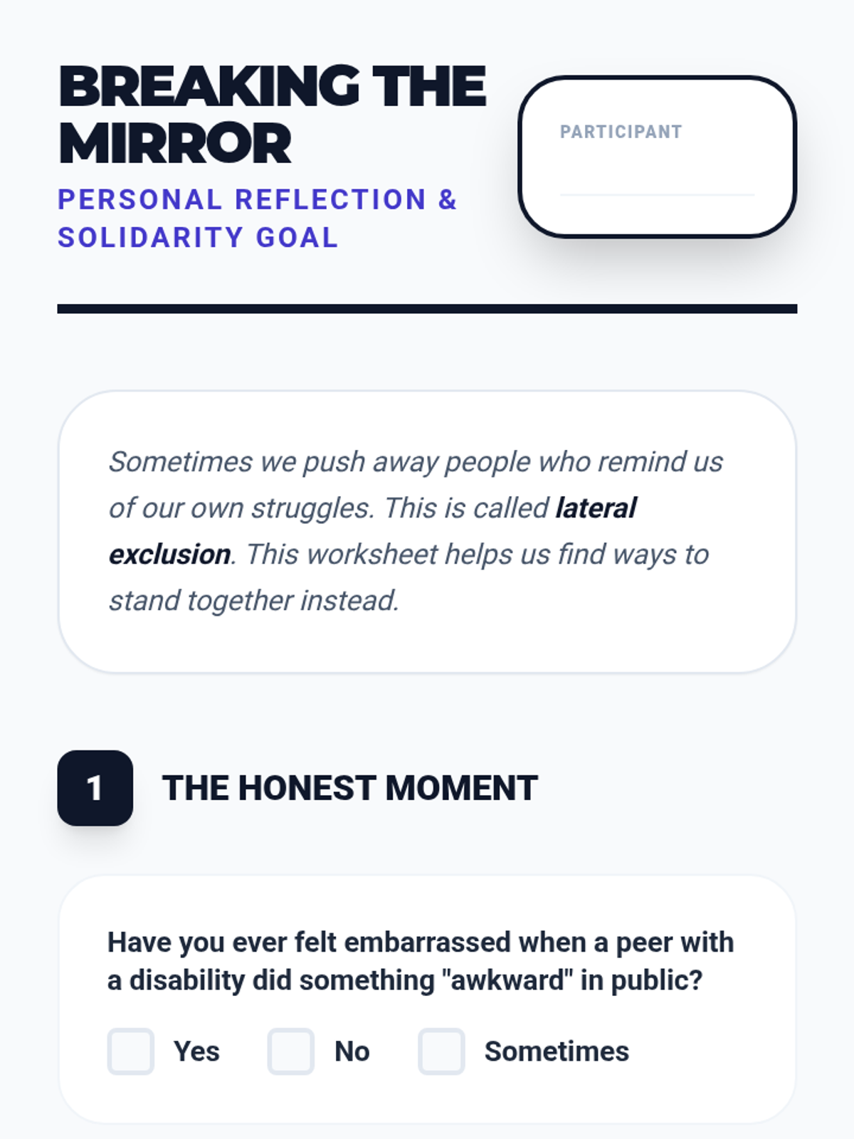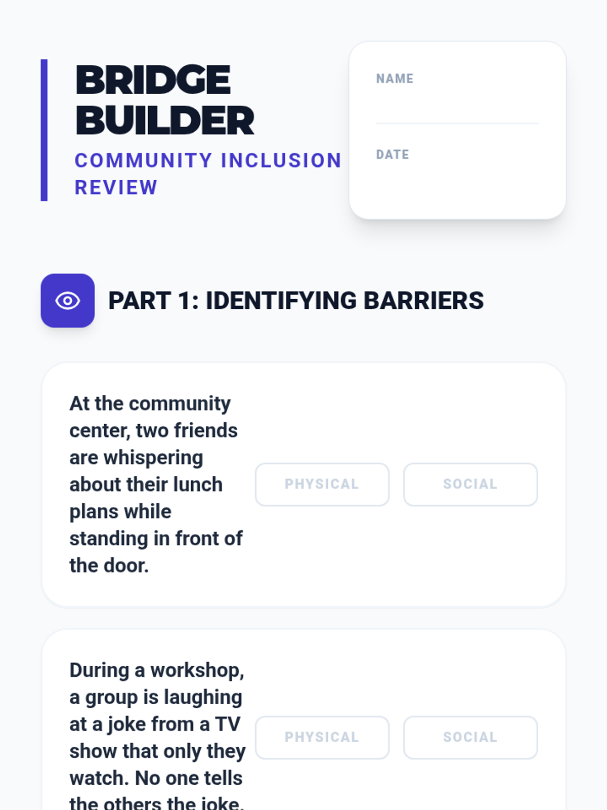 A foundational lesson for adults with disabilities to identify physical and social exclusion in community and vocational settings, focusing on basic inclusion strategies.
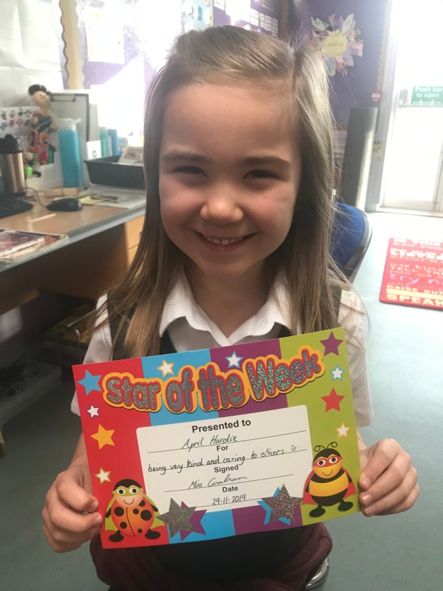 This week’s Star Award goes to April for being kind and caring to others. Kindness is one of our Drakies school values which we have been talking a lot about lately. Well done April, very well deserved. 😊
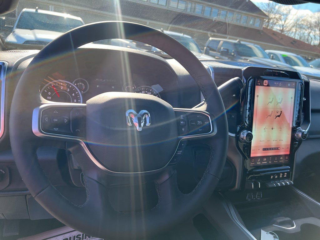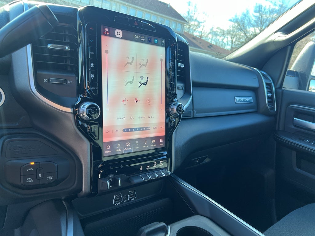 Quick Order Package 2UZ Big Horn. Big Horn Level 1 Plus Equipment Group: Google Android Auto; SiriusXM Radio Service; For Details. Visit DriveUconnect.com; For More Info. Call 800-643-2112; Integrated Voice Command with Bluetooth®; Emergency Vehicle Alert System (EVAS); 12" Touchscreen Display; Glove Box Lamp; Auto Power-Folding Mirrors; Footwell Courtesy Lamp; Anti-Spin Differential Rear Axle; Mirror Running Lights; MOPAR Deployable Bed Step; Alexa Built-In; Apple CarPlay; Power-Adjustable Convex Aux Mirrors; Forward and Reverse Utility Lights; Locking Lower Glove Box; Remote Start System; 9 Alpine Speakers with Subwoofer; Disassociated Touchscreen Display; Dual Glove Boxes; 2nd Row in Floor Storage Bins; Rear View Auto Dim Mirror; Rear Dome with On/off Switch Lamp; LED Bed Lighting; Connectivity - US/Canada; GPS Navigation; 4G LTE Wi-Fi Hot Spot; GPS Antenna Input; Exterior Mirrors with Heating Element; SiriusXM with 360L; Global Telematics Box Module; Connected Travel and Traffic Services; Foam Bottle Insert (door Trim Panel); Black Exterior Mirrors; Big Horn Instrument Panel Badge; Off-Road Info Pages; Selectable Tire Fill Alert; Trailer Tow Pages; HD Radio; Uconnect 5 Navigation with 12.0" Display Radio; Power Heated Folding Telescopic Mirrors; Exterior Mirrors with Supplemental Signals; Steering Wheel Mounted Audio Controls; Exterior Mirrors Courtesy Lamps; Air Conditioning ATC with Dual Zone Control; MOPAR Spray in Bedliner; Power Adjust Mirrors; Luxury Steering Wheel; Power Telescoping Mirrors. Heated Seats and Wheel Group: Heated Front Seats; Heated Steering Wheel. Chrome Flat Wheel-To-wheel Side Steps. Anti-Spin Differential Rear Axle. Premium Cloth Bucket Seats. Remote Start System. Granite Crystal Met CC. MOPAR Front and Rear Rubber Floor Mats. MyFlexCare Service Plan. Power 2-Way Driver Lumbar Adjust. **Equipment listed is based on original vehicle build and subject to change. Please confirm the accuracy of the included equipment by calling the dealer prior to purchase.**
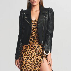 NWT Retrofête Tai Leather Jacket Black/Silver Puff Sleeve XS
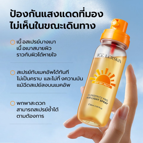 ICE LERSKIN สเปรย์กันแดด SPF50+ PA+++ กันน้ำ กันเหงื่อ ฉีดซ้ำได้ระหว่างวัน พกพาง่าย ขนาด 90ml+90ml (โปรออนไลน์สุดคุ้ม ซื้อ 1 แถม 1) ในราคา 373.56 ปกป้องผิวจากแสงแดดแบบบางเบา สบายผิว ใช้ได้ทั้งผิวหน้าและผิวกาย เหมาะกับวันเร่งรีบและกิจกรรมกลางแจ้ง
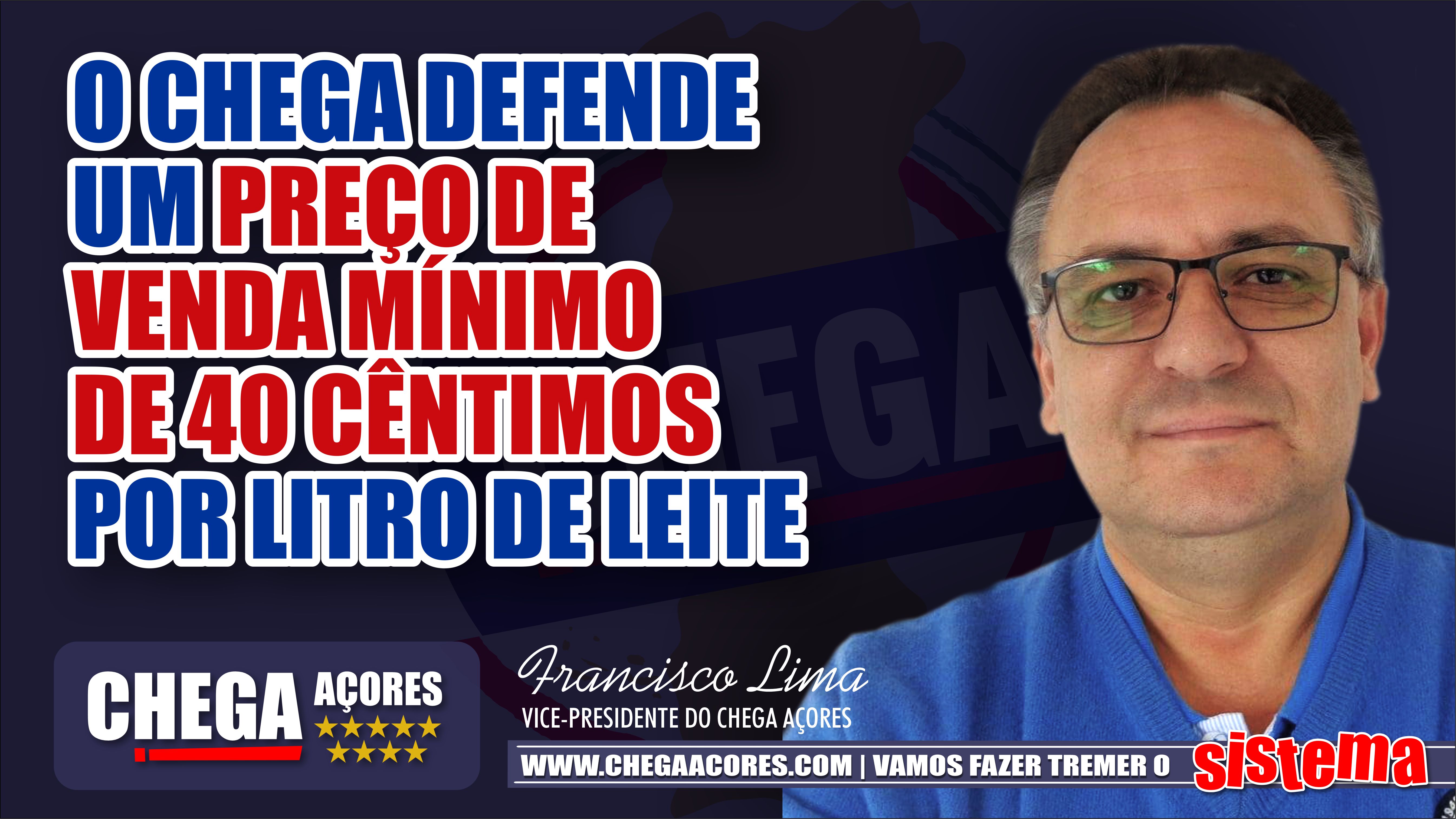 O CHEGA DEFENDE UM PREÇO DE VENDA MÍNIMO DE 40 CÊNTIMOS POR LITRO DE LEITE
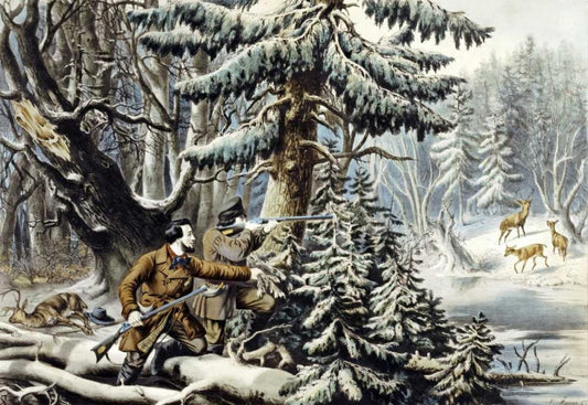 American Winter Sports - Deer Shooting on The Shattagee Black Ornate Wood Framed Art Print with Double Matting by Currier, Nathaniel
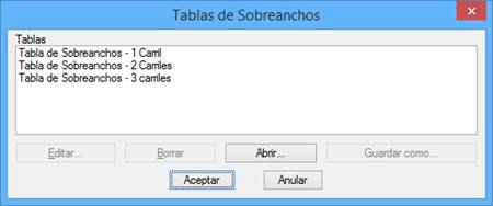 Abrir: Nos permitirá incorporar una nueva tabla de sobreanchos que tengamos en otra ubicación.
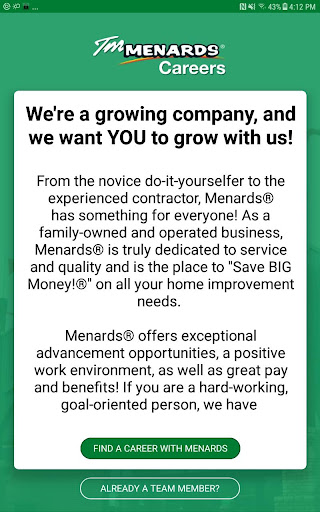 The Menards® Careers app is available for you to view job opportunities to start your new career with Menards®
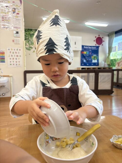 今日は、ぶどう組さんはクッキングでさつまいも蒸しパンを作りましたよ〜!
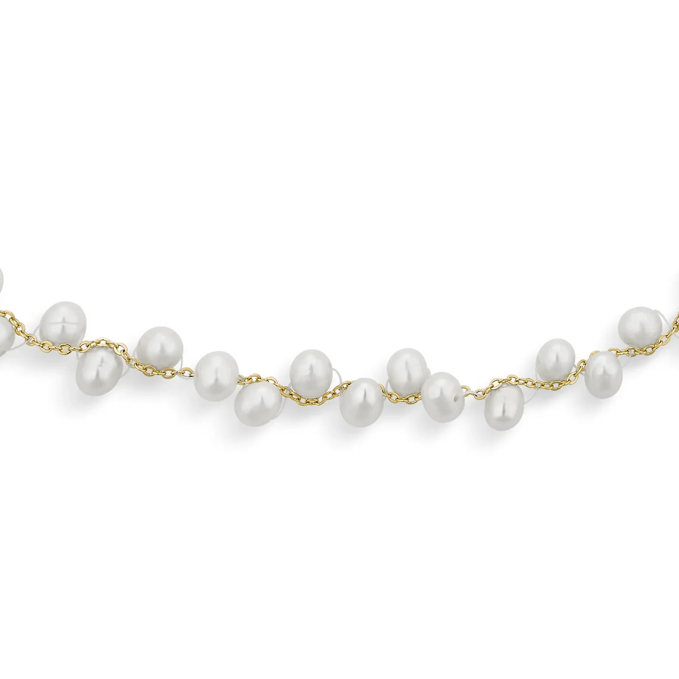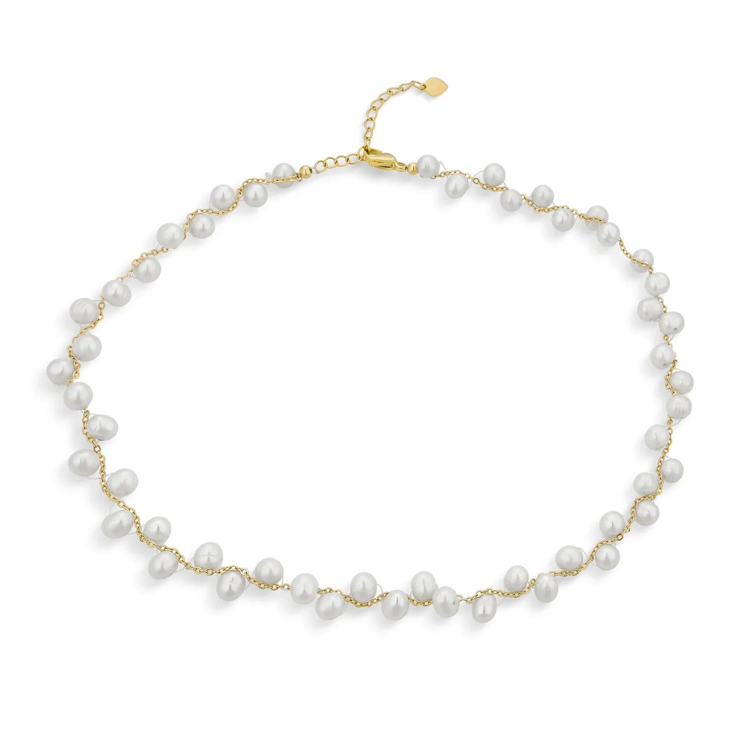 - Enhance your wedding day look with our chic, stunning pearl necklace. Pearls are evenly spaced on a delicate gold-plated chain. This bridal jewelry is a must-have for your collection. Guaranteed elegance that complements most wardrobes. Flattering style for everyone.
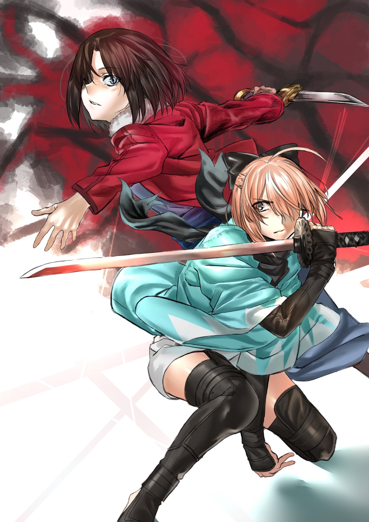 2girls black_gloves black_hair black_thighhighs blonde_hair blue_eyes elbow_gloves fate/grand_order fate_(series) gloves grey_eyes haori highres hiro_(hirohiro_gorira) holding holding_knife holding_sword holding_weapon incoming_attack jacket japanese_clothes kara_no_kyoukai katana kimono knife koha-ace looking_at_viewer multiple_girls okita_souji_(fate) okita_souji_(koha-ace) okita_souji_(third_ascension)_(fate) red_jacket ryougi_shiki scarf short_hair squatting sword thighhighs weapon
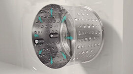 This washing machine washes a 3kg load of lightly soiled laundry in just 39 minutes, thanks to water jets that enhance both the wash and rinse cycles for efficient cleaning.
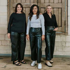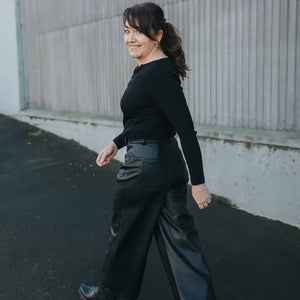 A high-waisted and wide-legged pant, June is made of a beautiful suede-back faux leather with a natural goat grain finish. This soft touch fabrication has an amazing hand feel and tailors exceptionally well. Whether for workwear or a night out, you'll stand out in all the right ways when wearing our June pants!
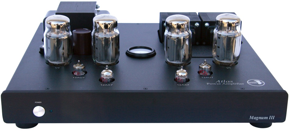 From a technical standpoint, the Atlas Magnum III represents the cutting edge of tube amplifier design. An oversized linear power supply stores tremendous energy for the dynamic headroom great performances demand. A new Ultralinear/Ttriode switch allows for both modes of operation; Ultralinear for slam, and pure triode for the ultimate in tube smoothness. The tube circuitry is first rate with short signal paths and low noise design. Finally, precision components are used to provide the transparency and air that are so critical to accurate musical reproduction.
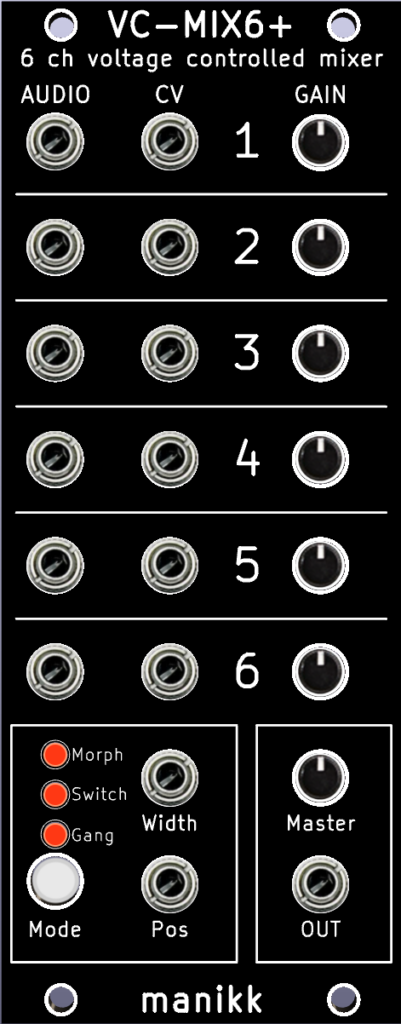 - 6 channel voltage controlled mixer.
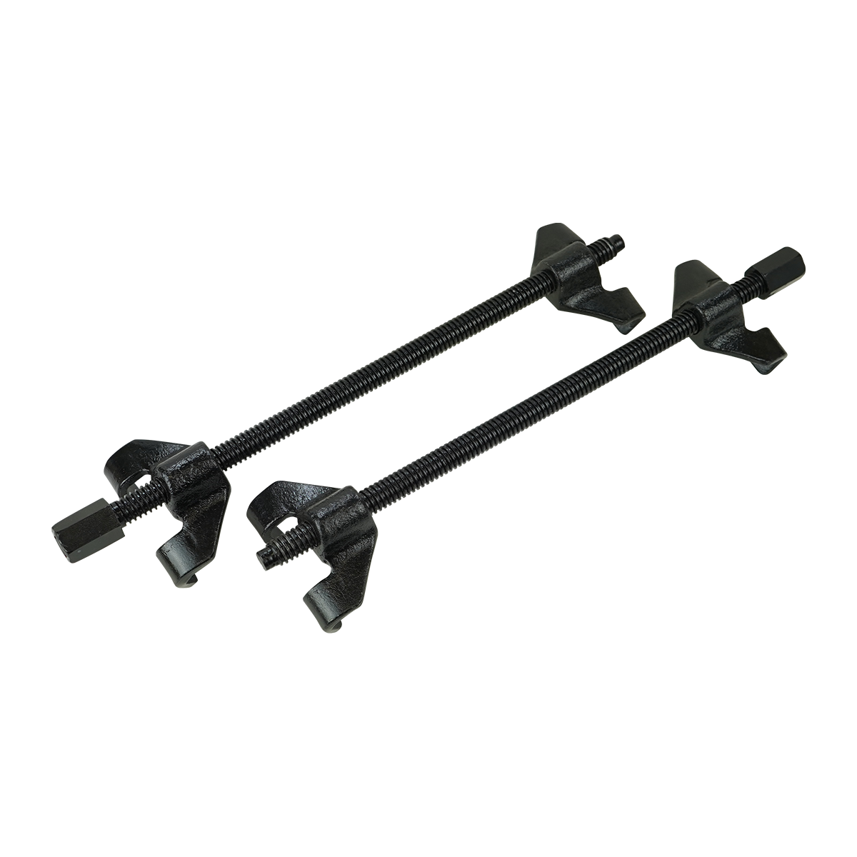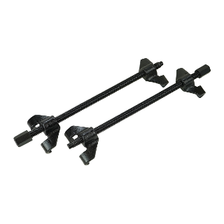 Стяжки пружин представляют собой специализированный съёмно-демонтажный инструмент для ремонта и обслуживания транспортных средств. Предназначены для сжатия опорных пружин автомобильной подвески при их установке и демонтаже. Снабжены кованными двойными скользящими захватами с широкими контактными поверхностями, установленными под углом, обеспечивающим наилучшую фиксацию пружин различных диаметров. Силовой винт с усиленной трапециедальной резьбой имеет шестигранный привод под ключ и квадрат под вороток 1/2″. Входящие в комплект стальные шайбы предназначены для уменьшения силы трения между головкой винта и захватом. Поверхность стяжек обработана фосфатированием для защиты от коррозии. Имеют компактный размер и небольшой вес, обеспечивающие удобство хранения и применения. Стяжки применяются парами и устанавливаются с двух сторон сжимаемой пружины, что обеспечивает надёжную фиксацию в четырёх точках опоры. Совместимы как с большинством стандартных подвесок, так и с подвесками типа “МакФерсон”. Применяются в автомастерских и автосервисах во время технического обслуживания транспортных средств. Набор исключительно прост в использовании.
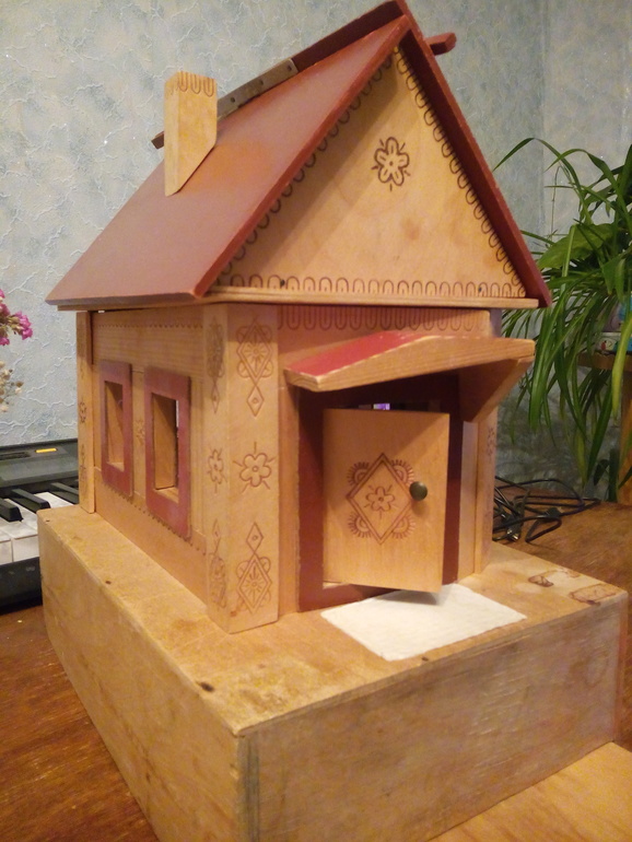 И покажу домик моего детства. Думала, стоит ли его, потрепанного моими племянниками, выставлять на обозрение. А потом решила, что он того заслуживает. Папа купил мне этот сборный домик, сделал в нем даже лампочку, стол, кровать сколотил. Я нашила шторок, налепила из пластилина вазонов с цветами. Сестра привезла набор маленьких домашних животных. Представляете, какой размах)) К сожалению, племянники растеряли животных, ну и внутри убранство не уберегли. Но тоже с удовольствием играли. А потом мой сыночек с большим интересом собирал вместе со мной дом, игрался. Так что, вот он, герой нескольких поколений.
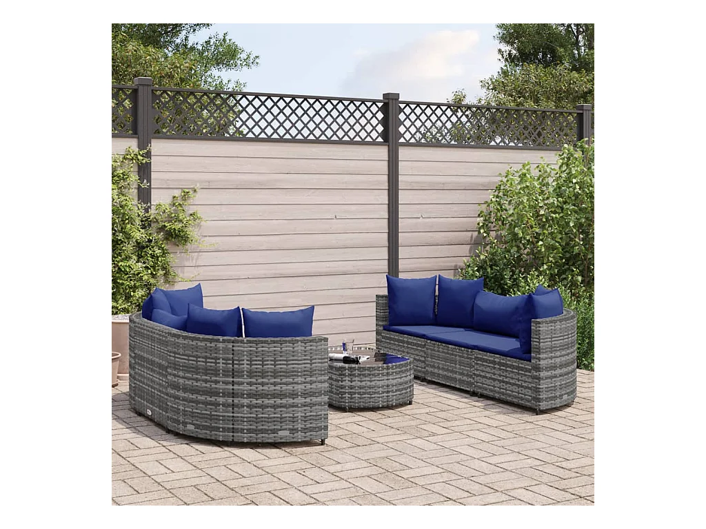 Set Divano da Giardino 8 pz con Cuscini Grigio in Polyrattan

■ **Brief**
I'd like the lines above repeated exactly, from the one that contains "NWT Retrofête Tai" through the one that contains "O CHEGA DEFENDE", with no pictures.

■ **Exercise output**
 NWT Retrofête Tai Leather Jacket Black/Silver Puff Sleeve XS
 ICE LERSKIN สเปรย์กันแดด SPF50+ PA+++ กันน้ำ กันเหงื่อ ฉีดซ้ำได้ระหว่างวัน พกพาง่าย ขนาด 90ml+90ml (โปรออนไลน์สุดคุ้ม ซื้อ 1 แถม 1) ในราคา 373.56 ปกป้องผิวจากแสงแดดแบบบางเบา สบายผิว ใช้ได้ทั้งผิวหน้าและผิวกาย เหมาะกับวันเร่งรีบและกิจกรรมกลางแจ้ง
 O CHEGA DEFENDE UM PREÇO DE VENDA MÍNIMO DE 40 CÊNTIMOS POR LITRO DE LEITE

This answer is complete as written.